━━━ SUPPLIED RECORDS ━━━

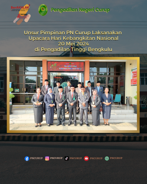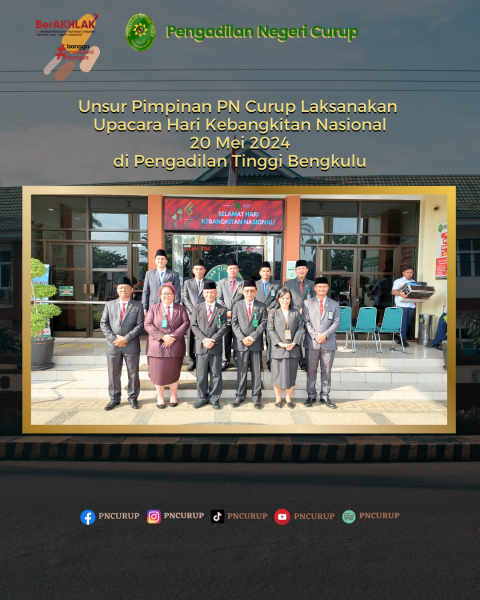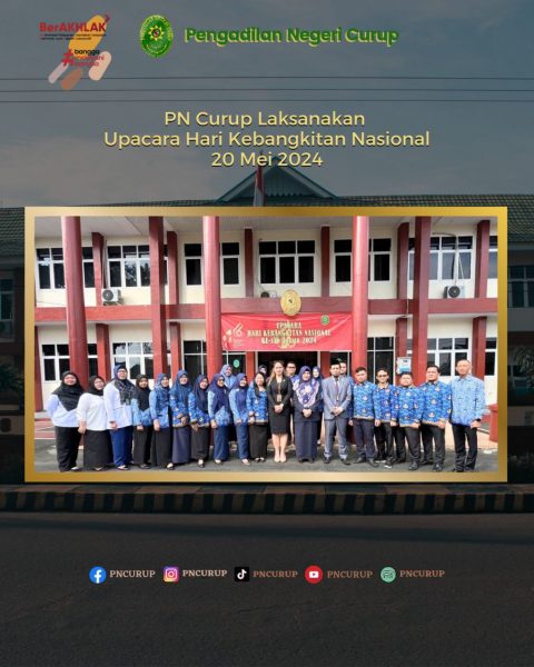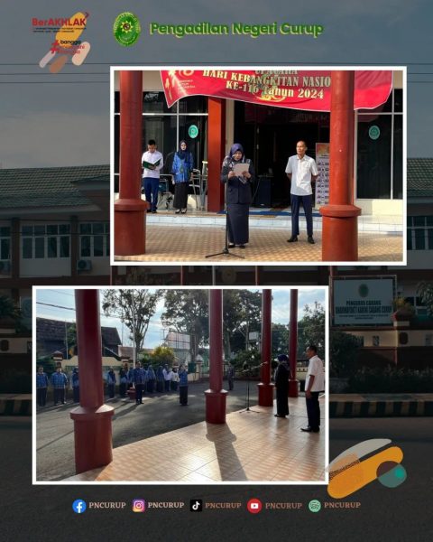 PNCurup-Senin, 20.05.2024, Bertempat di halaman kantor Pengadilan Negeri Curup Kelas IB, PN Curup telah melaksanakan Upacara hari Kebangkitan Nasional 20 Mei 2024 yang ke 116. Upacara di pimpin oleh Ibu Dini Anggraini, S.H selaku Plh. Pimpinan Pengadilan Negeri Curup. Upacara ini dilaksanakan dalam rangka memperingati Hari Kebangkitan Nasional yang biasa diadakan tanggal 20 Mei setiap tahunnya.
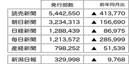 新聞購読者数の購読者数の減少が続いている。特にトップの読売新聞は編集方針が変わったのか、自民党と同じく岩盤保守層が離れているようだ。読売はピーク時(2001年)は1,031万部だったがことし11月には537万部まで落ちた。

━━━
━━━ SUPPLIED RECORDS ━━━

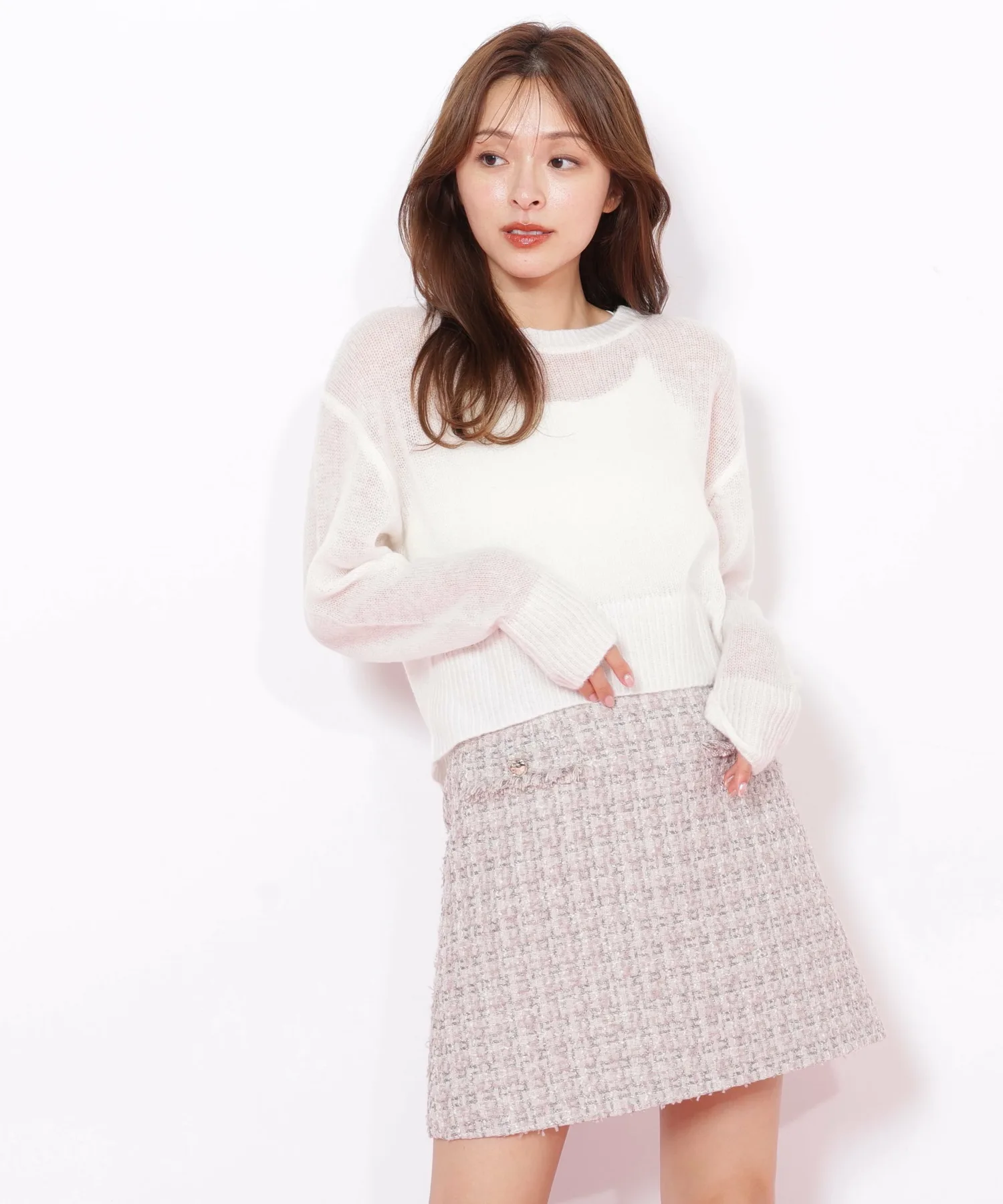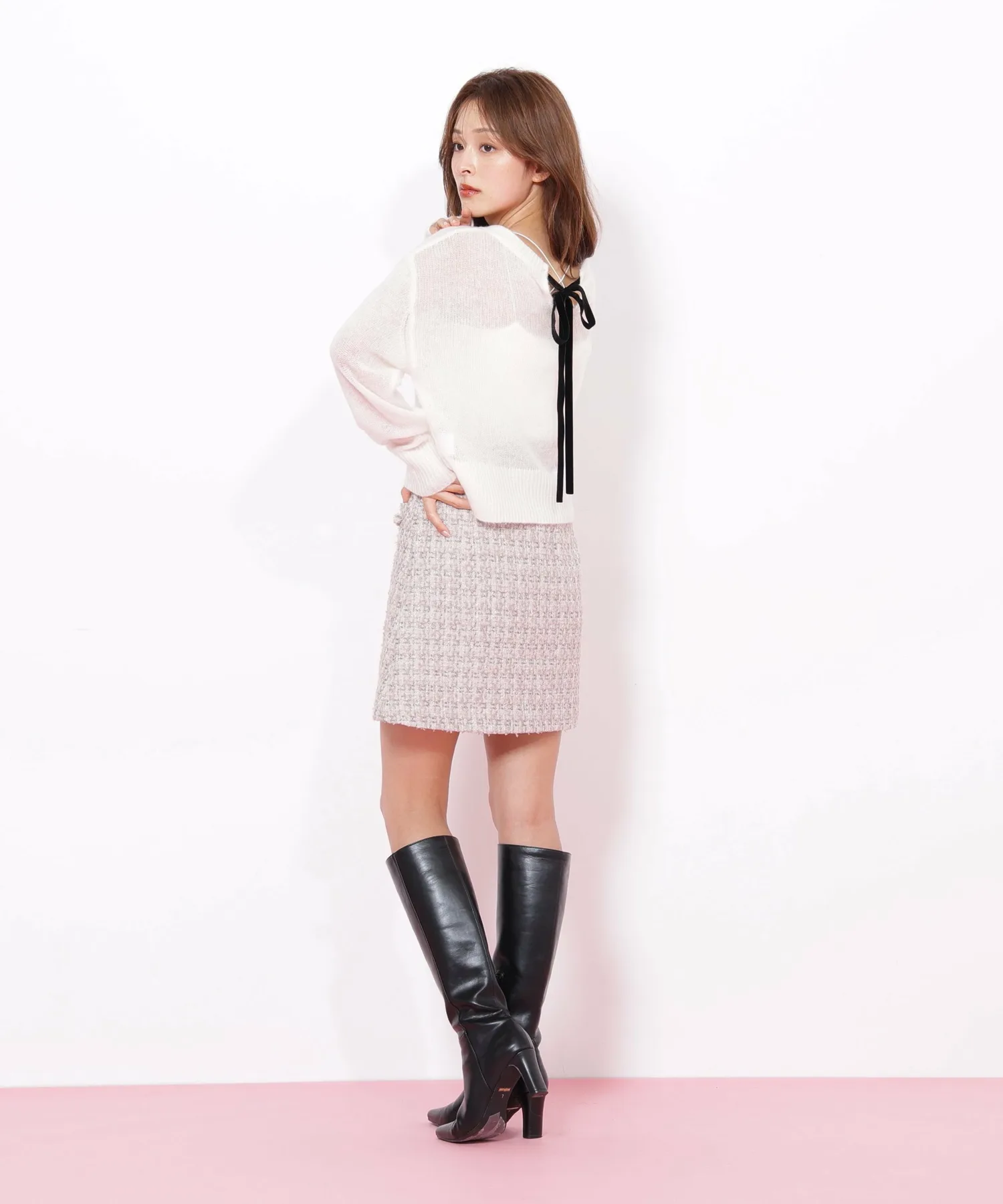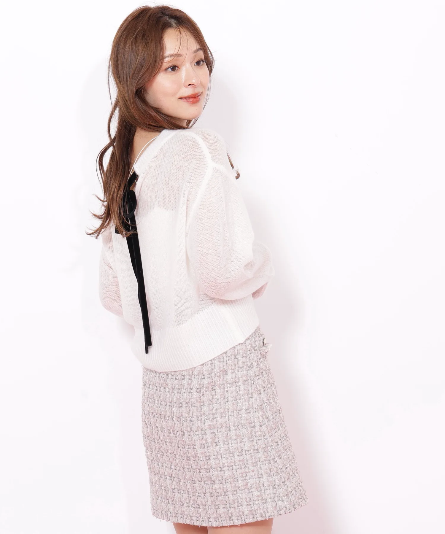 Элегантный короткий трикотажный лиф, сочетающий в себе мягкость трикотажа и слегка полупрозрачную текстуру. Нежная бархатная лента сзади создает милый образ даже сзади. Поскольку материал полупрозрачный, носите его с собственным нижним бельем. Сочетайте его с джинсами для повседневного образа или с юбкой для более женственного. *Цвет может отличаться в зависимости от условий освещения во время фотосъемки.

━━━

● **AIM OF THE TASK**
The data above holds the lines to copy: start at the one with "PNCurup-Senin, 20.05.2024, Bertempat", stop at the one with "新聞購読者数の購読者数の減少", include both, copy them exactly without pictures, and copy nothing else.

● **YOUR SOLUTION**
 PNCurup-Senin, 20.05.2024, Bertempat di halaman kantor Pengadilan Negeri Curup Kelas IB, PN Curup telah melaksanakan Upacara hari Kebangkitan Nasional 20 Mei 2024 yang ke 116. Upacara di pimpin oleh Ibu Dini Anggraini, S.H selaku Plh. Pimpinan Pengadilan Negeri Curup. Upacara ini dilaksanakan dalam rangka memperingati Hari Kebangkitan Nasional yang biasa diadakan tanggal 20 Mei setiap tahunnya.
 新聞購読者数の購読者数の減少が続いている。特にトップの読売新聞は編集方針が変わったのか、自民党と同じく岩盤保守層が離れているようだ。読売はピーク時(2001年)は1,031万部だったがことし11月には537万部まで落ちた。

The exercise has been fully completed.